Pick Only Necessary Procedures

Sometimes you are offered products or procedures that are not medically necessary.

Beware the up sell on teeth whitening at the dentist, or new frames from the optometrist, or a neck adjustment at the chiropractor. These often aren’t covered by insurance.

Take Care of Your Teeth

Get a dental checkup and regular cleanings. It costs about $200 to fill a cavity caught early. Untreated, you may later need a root canal, which can cost $2,000 for the operation and crown.

Laid off? Try COBRA

The hitch? Cost. Before, your company likely paid part of your premium. Under COBRA, you pay the whole cost, plus a 2% fee. Laid off since late 2008? Financial help may be available, visit www.dol.gov/cobra.

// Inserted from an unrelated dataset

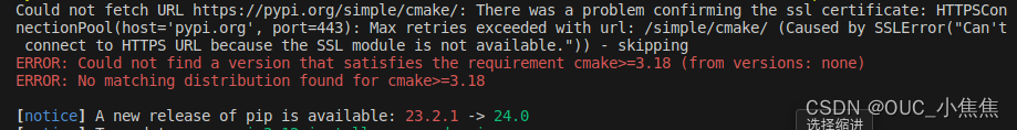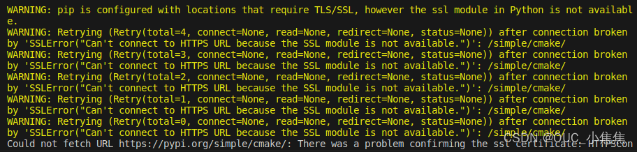 由于在如上的截图中所示,cmake版本不符合需求,因此需要先升级cmake版本。具体的升级方案可参考:http://t.csdnimg.cn/VavEq,按照博主的描述安装完成后,将不会再报红色字体的error,但是黄色字体的warning(SSLerror)依然存在。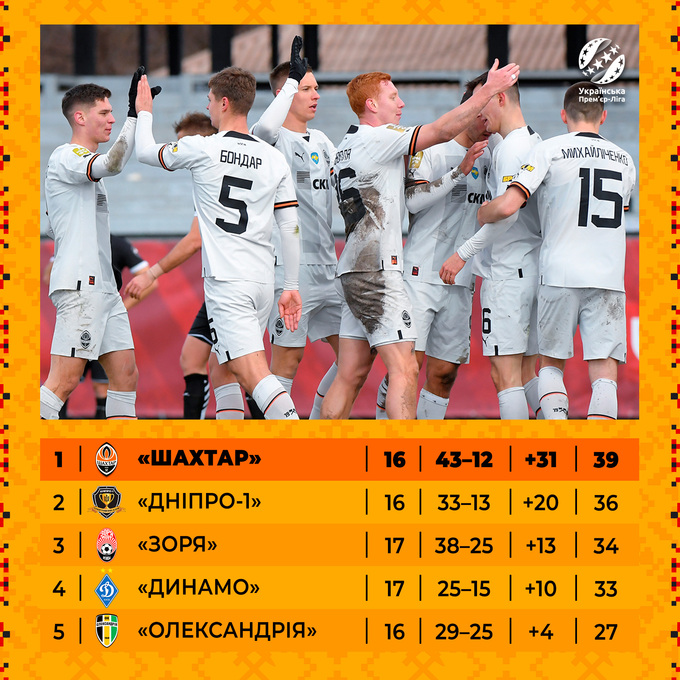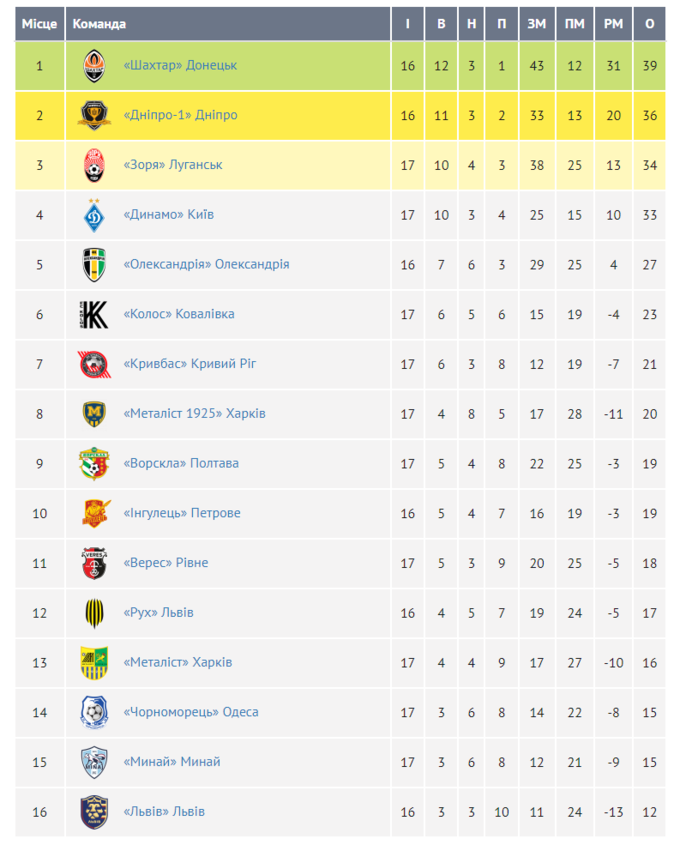 Третье место занимает луганская «Заря» (34), за которой ведет погоню киевское «Динамо» (34 и 33 пунктов соответственно).

Or ask an insurance agent about a short-term individual policy. They can cover you a month at a time and may be cheaper than COBRA.

Help When You’re Uninsured

Community health clinics often offer some health care at reduced cost or for free based on your income. Contact your local health department. If you have a limited income and meet other requirements set by your state, you may be eligible for Medicaid coverage. Find your local Medicaid office at www.benefits.gov.

Get the Most from Doctor’s Visits

When you do go to the doctor, write down all your questions ahead of time. This can cut down on follow-up visits. Once there, ask your doctor to help you decide which care or procedures are really necessary, and which are elective.

Be sure your doctor understands your financial situation. Tell her if you’re thinking of skipping a procedure or dropping a medicine because of cost. She may be able to help you manage your medical care on a budget.